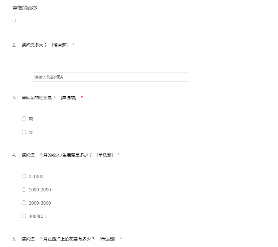 感谢大家抽出时间参加此次调查答卷,现在开始吧
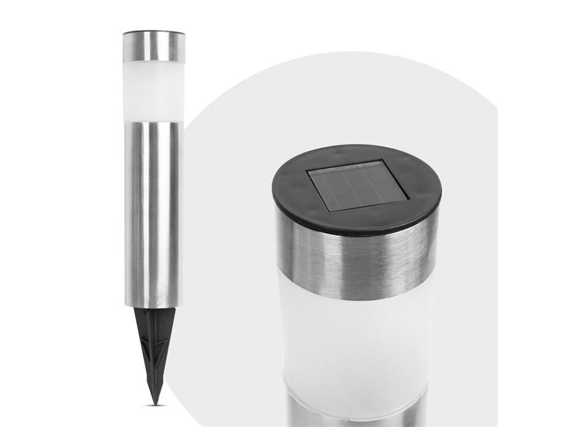 - Počet LED: 1 ks LED - Farba LED: Studená biela - Solárny panel: 40 x 40 mm, 2V, 20 mA - Zdroj energie: 1 x 1.2V, AAA akkumulátor - Kapacita akumulátoru: 600 mAh - Doba nabíjania: 8 hodín - Prevádzková doba: 6 - 8 hodín - Rozmer lampy (+tŕň): 6 x 6 x 27 (+10) cm - Materiál: Kov - Hmotnosť: 170 g
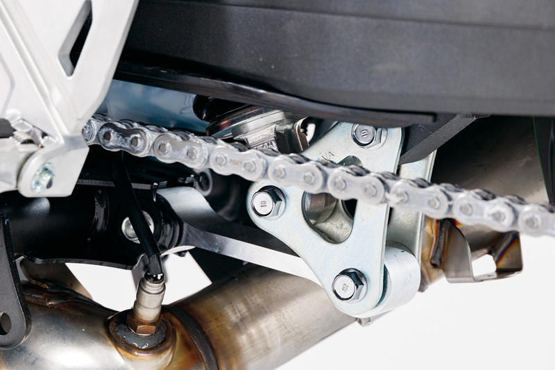 アルミ製のタンデムステップステーはガッチリした造り。シートレールとの締結位置が2本ショックのレイアウトに近く、リアまわりのルックスを向上させている。
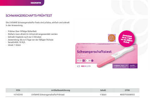 15743310 LIVSANE Schwangerschafts-Frühtest 1 Stück 4059793000922
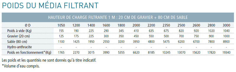 Débit indicatif : de 25 à 353 m3/h selon diamètre des filtres et vitesse de filtration.
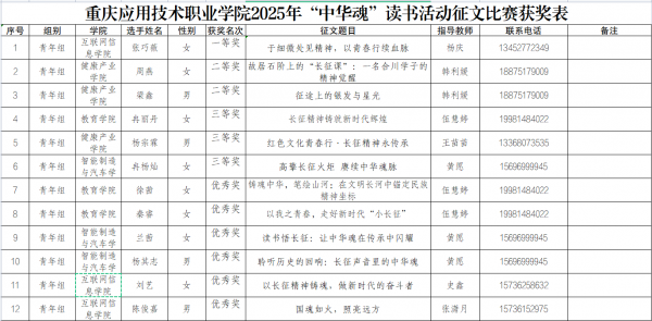 本次“中华魂”主题征文比赛为同学们搭建了学习红色文化、传承红色精神的平台,未来,学院将持续以“中华魂”读书活动为抓手,创新红色文化教育形式,引导更多青年学子在红色经典中汲取奋进力量,让长征精神在新时代青年中薪火相传、熠熠生辉。 (供稿人:王苗苗)
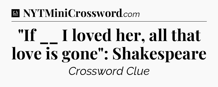 The clue “”If __ I loved her, all that love is gone”: Shakespeare” most recently appeared in a LA Times Crossword on May 24, 2018.
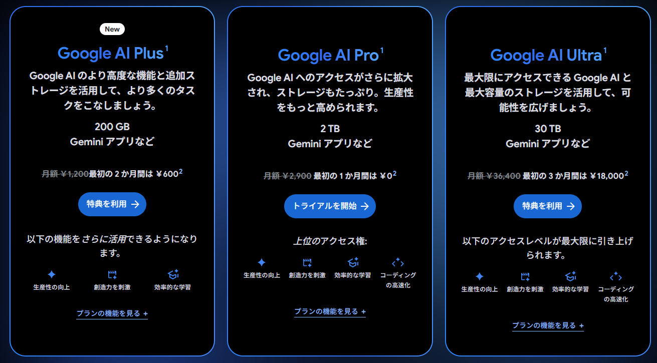 NotebookLMは基本的に無料で利用可能です。 より高度な機能を本格的に活用したい個人ユーザー向けには、Google Oneのサブスクリプションプランである「Google AI Plus」や「Google AI Pro」 等のプランに加入することで、利用上限が緩和されたNotebookLMの機能が利用可能になるほか、最新のAIモデルやクラウドストレージもセットで提供されます。
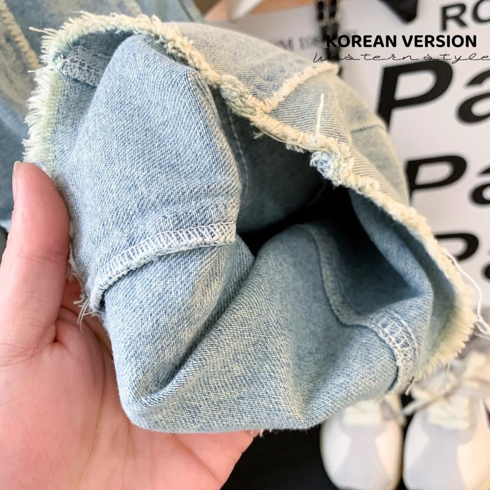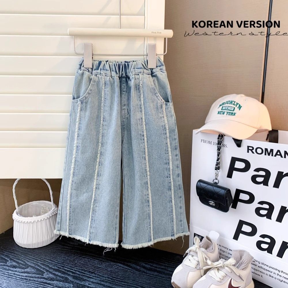 봄과 가을 소녀 청바지 아기의 서양식 어린이 성격 유행 한국 스타일 유행 바느질 레드 인터넷 인기 와이드 레그 바지스토어 가기
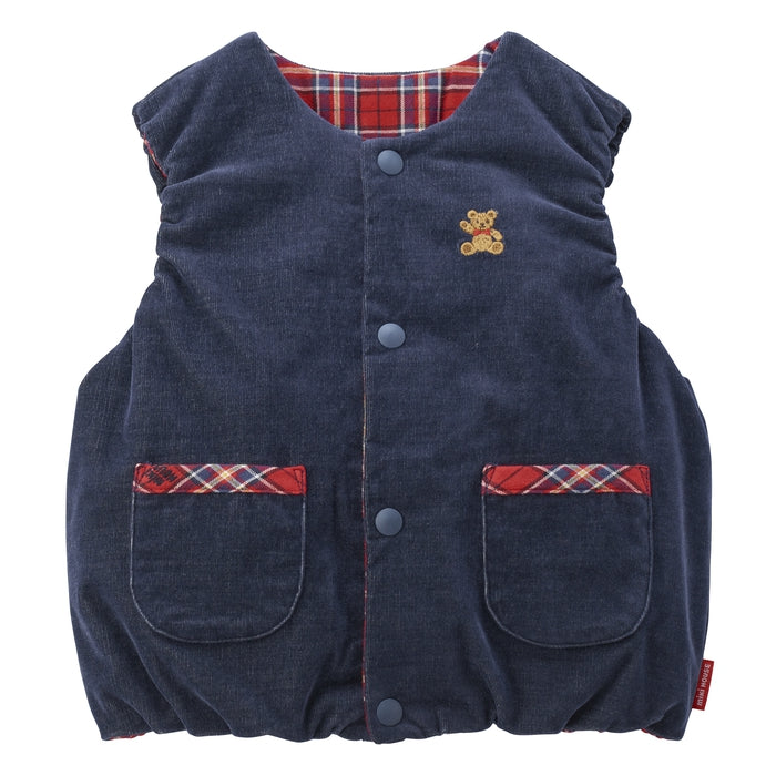 MIKI HOUSE这是一个可逆的背心,上面有熊刺绣。
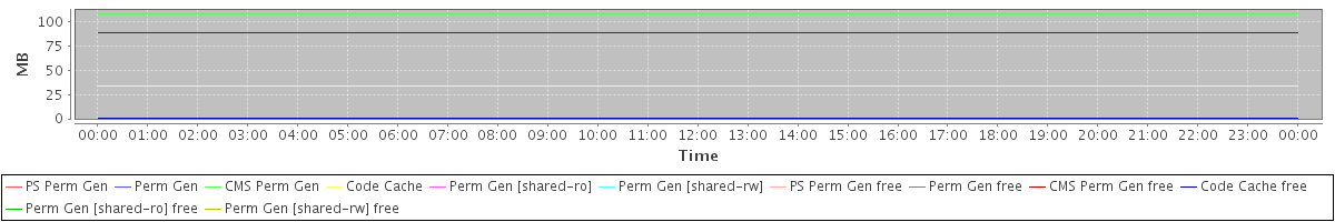 avg(PS Perm Gen) = 0.00 avg(Perm Gen) = 0.00 avg(CMS Perm Gen) = 107.62 avg(Code Cache) = 34.02 avg(Perm Gen [shared-ro]) = 0.00 avg(Perm Gen [shared-rw]) = 0.00 avg(PS Perm Gen free) = 0.00 avg(Perm Gen free) = 0.00 avg(CMS Perm Gen free) = 88.38 avg(Code Cache free) = 0.33 avg(Perm Gen [shared-ro] free) = 0.00 avg(Perm Gen [shared-rw] free) = 0.00
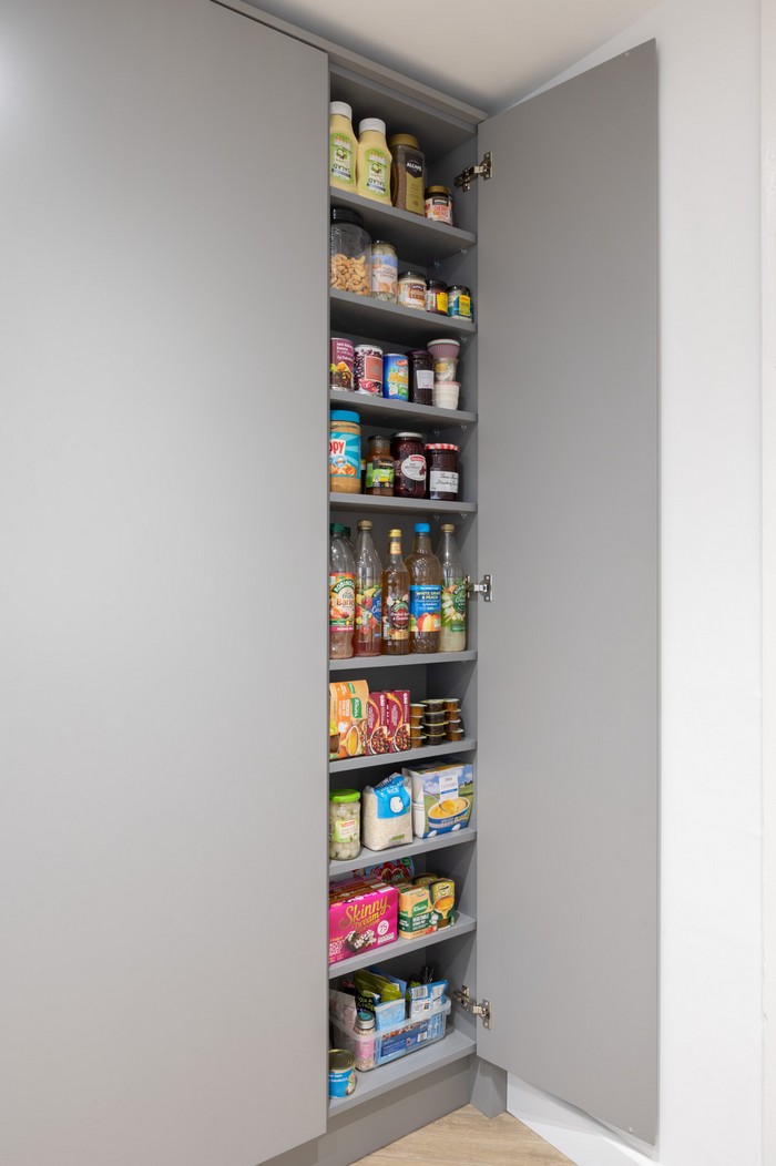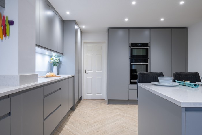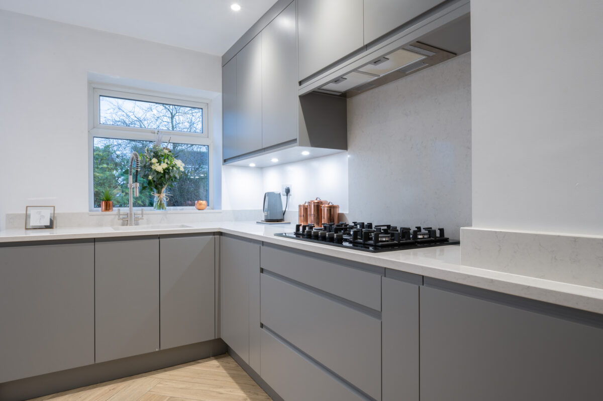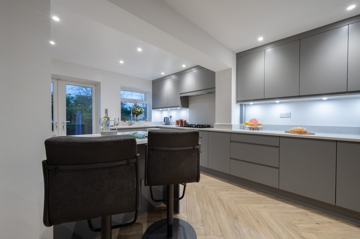 The addition of wide patio doors at the rear introduced natural light into the space, creating a seamless connection between the kitchen and garden. What was once fragmented and impractical is now light-filled, welcoming and designed for everyday living.
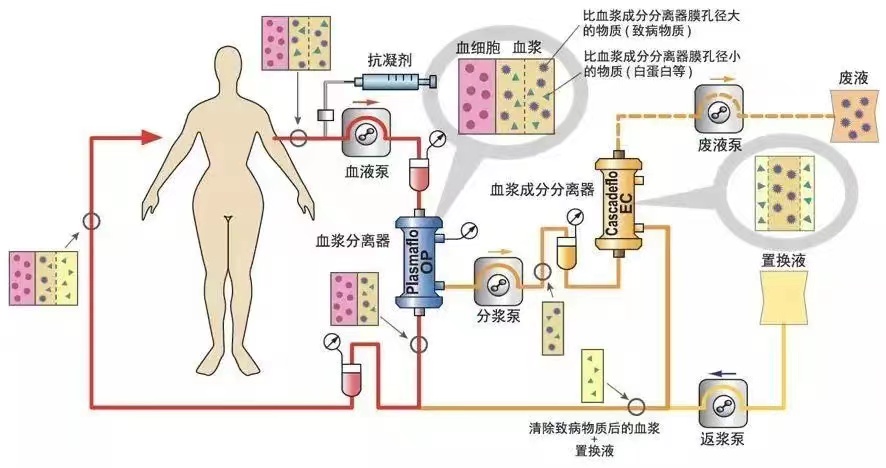 双重滤过血浆置换(DFPP)利用对流基本原理,第一级血浆分离器孔径约为0.2μm,从全血中分离出血浆成分物质,第二级血浆成分分离器中空纤维柱孔径约为0.03μm,用于分离血浆中的相对分子质量远远大于白蛋白的致病因子,如免疫球蛋白、免疫复合物、脂蛋白等丢弃,然后将含有大量白蛋白的血浆成分回输至体内,并且还可以根据第二级滤器不同孔径控制血浆蛋白的除去范围。 DFPP能迅速清除患者血浆中的脂蛋白、免疫复合物、抗体、 抗原等致病因子,调节免疫系统,清除封闭性抗体,恢复细胞免疫功能及网状内皮细胞吞噬功能,使病情得到缓解。
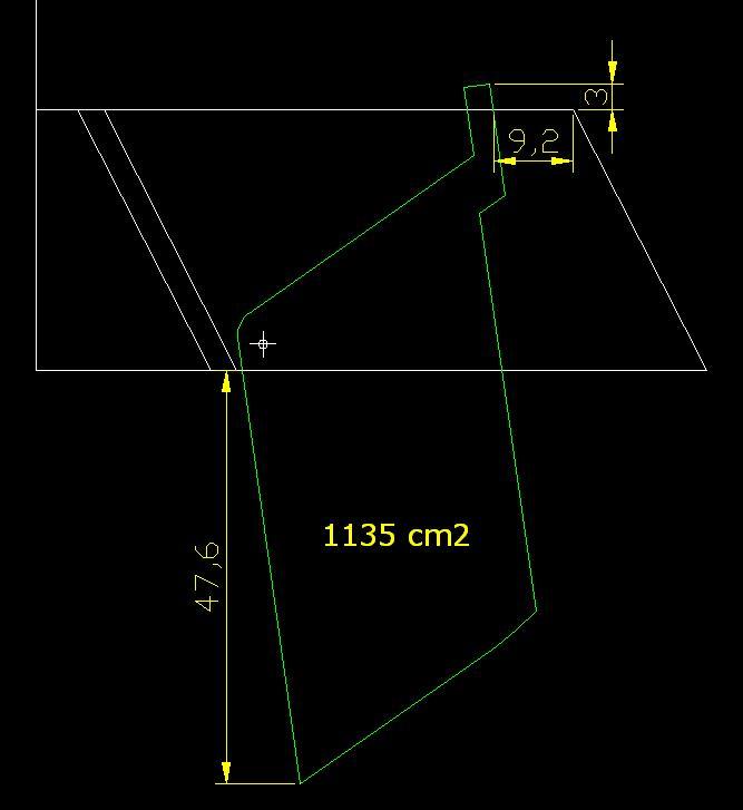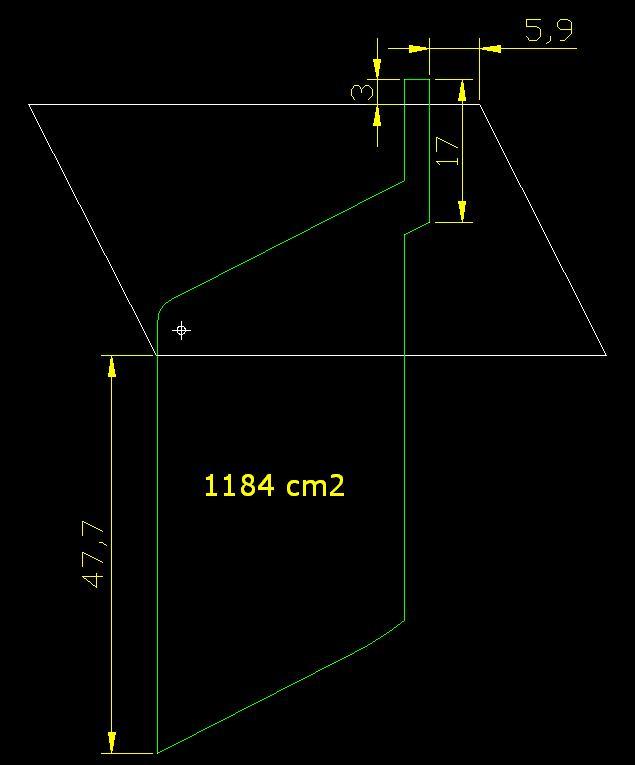 Questo disegno sfrutta al massimo lo spazio a disposizione nel pozzetto, e come si vede sono riuscito ad ottenere una fuoriuscita di quasi 46 cm con deriva larga 30 cm. Quindi molto meglio del primo modello.
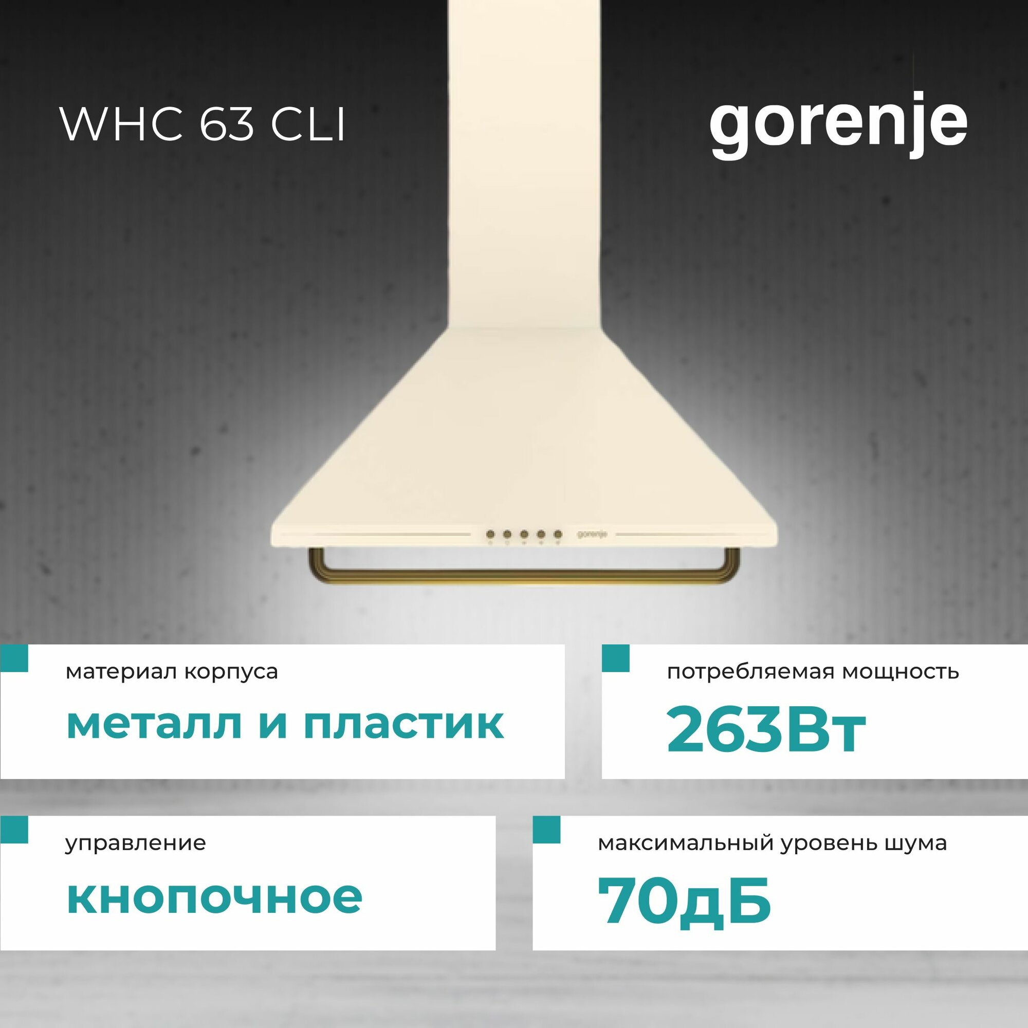 Купольная вытяжка Gorenje WHC 63 CLI, цвет корпуса слоновая кость, цвет окантовки/панели бежевый
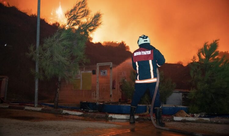Mersin Büyükşehir Belediyesi Afet Arama ve Kurtarma Şube Müdürü Alperen Tabak, “Yaklaşık 23 araç ve 35 personelle, Mersin İtfaiye Daire Başkanlığı olarak görev yerindeyiz ve çalışmalarımıza devam ediyoruz. Şiddetli poyraz estiğinden dolayı, ekiplerimiz yangını kontrol altına alamadı. Evlere sirayet etmemesi için elimizden geleni yapmaktayız. Şu anda 3, 5 ve 8 tonluk araçlarımızla, yangının evlere sirayet etmemesi için yangın araçlarımızdaki su takviyelerini yapmaktayız. Şu an benzin istasyonlarına ve evlerin önüne konuşlandırılmış durumdayız. Kahramanmaraş’tan, Kayseri’den, Antalya’dan, Hatay’dan, Adana’dan ve sayamadığım birçok ilden arazözlerle takviye ekipler, şu anda bizimle beraber çalışmakta. Tüm Belediye itfaiyeleri olarak tek yürek olduk” diye konuştu.
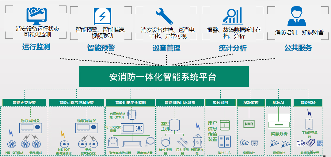 安消防一體化智能系統平臺對視頻監控、消防管理、出入口控制、信息化巡檢、用戶管理、關聯控制、數據存儲、遠程管理等功能模塊實現無縫整合和管理,能夠實現大樓新建子系統之間的聯動,包括可視化的視頻報警聯動、視頻消防聯動、出入口人員身份中心查詢和復核、車輛出入口抓拍實現中心數據存儲與調閱、前端智能分析主動上傳異常信息并聯動中心視頻遠程管控等,從而將大樓各個部位的安保工作進行緊密結合。
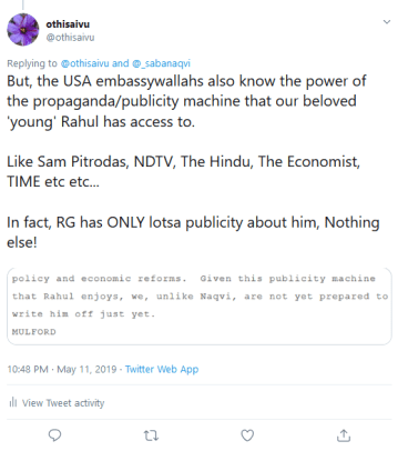 But, the USA diplomats can also see the power of propaganda that could help Rahul.
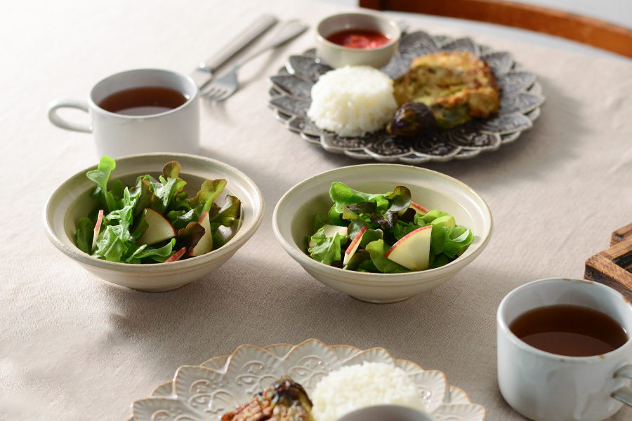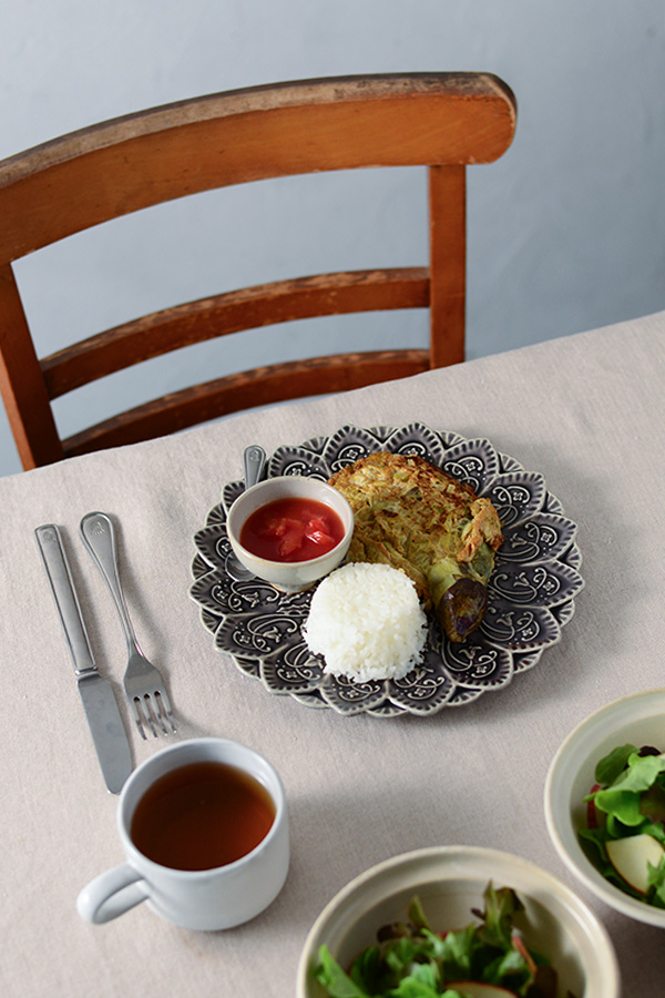フィリピンの卵料理「トルタンタロン」を、レースのような装飾が広がるプレートに盛り付けました。余白からのぞくボタニカルな模様が、素朴な家庭料理に異国のエッセンスを添え、特別な表情を生み出します。生成り色のクロスや陶器のボウルからは、南国の柔らかな光が感じられます。さらに、マグやポットをグレーで統一し落ち着いたトーンにまとめることで、フィリピンの日常の食卓を表現しました。

* * * *

■ Directions: The line containing "But, the USA" marks the start: set down exactly that line and every line after it through the last line of the data, without any pictures.

■ Result below:
 But, the USA diplomats can also see the power of propaganda that could help Rahul.
フィリピンの卵料理「トルタンタロン」を、レースのような装飾が広がるプレートに盛り付けました。余白からのぞくボタニカルな模様が、素朴な家庭料理に異国のエッセンスを添え、特別な表情を生み出します。生成り色のクロスや陶器のボウルからは、南国の柔らかな光が感じられます。さらに、マグやポットをグレーで統一し落ち着いたトーンにまとめることで、フィリピンの日常の食卓を表現しました。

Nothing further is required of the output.